Dunedin residents feel safer in their homes at night than people living in any other major New Zealand city, according to the latest Quality of Life survey.
However, Dunedin Mayor Dave Cull is not popping the Champagne corks just yet, saying increasingly violent and "quite nasty" assaults in the central city show more work is required.
The Quality of Life survey - a joint exercise involving councils covering New Zealand's eight largest cities - canvassed 500 Dunedin residents and found 97% felt safe or very safe in their homes after dark.
That was up 1% from the last survey, in 2008, and saw Dunedin's residents coming out on top of those living in Auckland, Tauranga, Hamilton, Wellington, Porirua, Lower and Upper Hutt and Christchurch in their sense of evening security.
The survey also found 76% of Dunedin residents felt safe or very safe in their local neighbourhoods after dark, up 5% on 2008, when the city was ranked second.
As well, 61% of Dunedin residents felt safe in the city centre after dark, up 2% from 2008 and above the national average of 54% - despite recent high-profile assaults and police warnings.
Mr Cull said improving perceptions of central-city safety showed progress was being made, but more work was required.
"There is an unfortunate trend - maybe there's less of them [central city assaults], but some of them do seem to be quite nasty.
"I think we'd all agree there's still too much inebriated behaviour that puts both the perpetrator and other people at risk.
"But it's great to see it improving," Mr Cull said.
The survey was carried out between November last year and March this year, with 2700 residents in Auckland randomly selected for telephone surveys, along with 500 people in each of the other centres.
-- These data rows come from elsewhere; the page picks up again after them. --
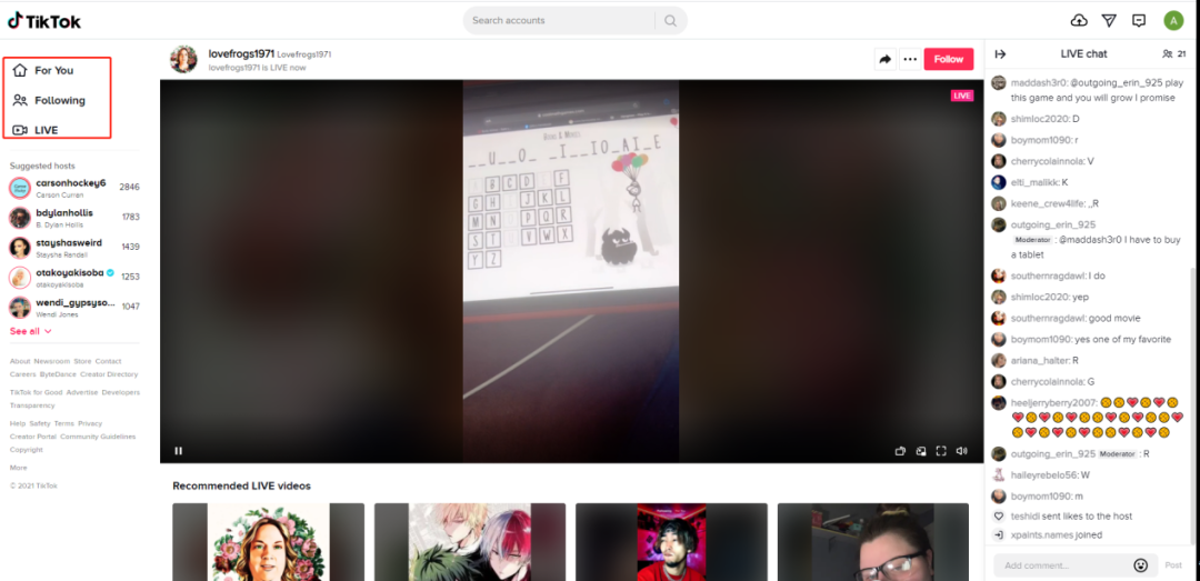 从上图可以看出,「TikTok」 PC 端直播的主画面在整个界面中央;左侧是「TikTok」向用户推荐的正在直播的主播,顺序按照当前直播间人数排序;右侧是直播间的直播聊天室;底部则是向用户展示当前全部正在直播的直播间。
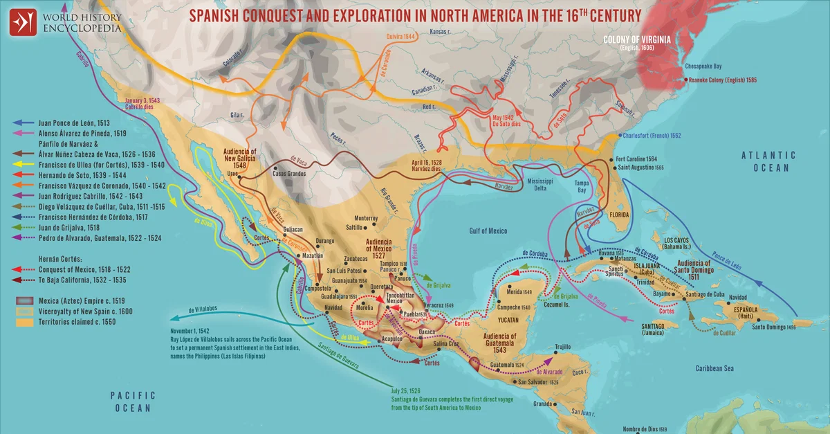 Netchev, S. (2022, August 02). Map of Spanish Conquest & Exploration in North America. World History Encyclopedia. https://www.worldhistory.org/image/16218/map-of-spanish-conquest--exploration-in-north-amer/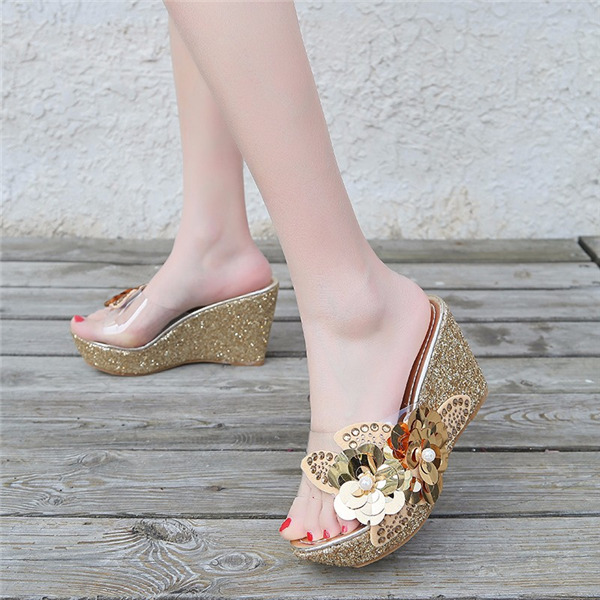 ウェッジソールサンダル レディース 厚底 花柄 サンダル ビーチサンダル 痛くない シースルー ぺたんこ スリッパ 夏 海 旅行 歩きやすい 美脚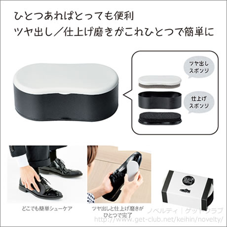 ひとつでツヤ出しと、仕上げのスポンジができる靴磨き。

It was the fifth time the survey had been carried out since 2002 to measure residents' perceptions of the built environment, transport, democracy and governance, leisure time, health and social connectedness.
Dunedin's results also showed 86% of residents thought their neighbourhood was safe for children aged under 14 to play unsupervised - well above the survey average of 76%.
The good results might also explain why 93% of Dunedin residents felt they had a positive overall quality of life - down 1%, but still 1% higher than the survey average of 92% - and why 28% said their quality of life had increased in the last 12 months, compared with just 12% who reported a decline.
Dunedin residents' quality of life also scored highly in other areas, including overall health (90%), satisfaction with life in general (89%), access to a park or green space (95%) and lack of air pollution (85%).
Workers in paid employment were also happier with their work/life balance (85%) than the survey average of 79%.
The results were not all rosy, however, with just 44% of residents saying they were confident the council made decisions in the best interest of their city.
That was below the survey average of 53%, and down in Dunedin from 55% in 2006 and 46.9% in 2008.
Mr Cull said it showed the council had "obviously got some work to do".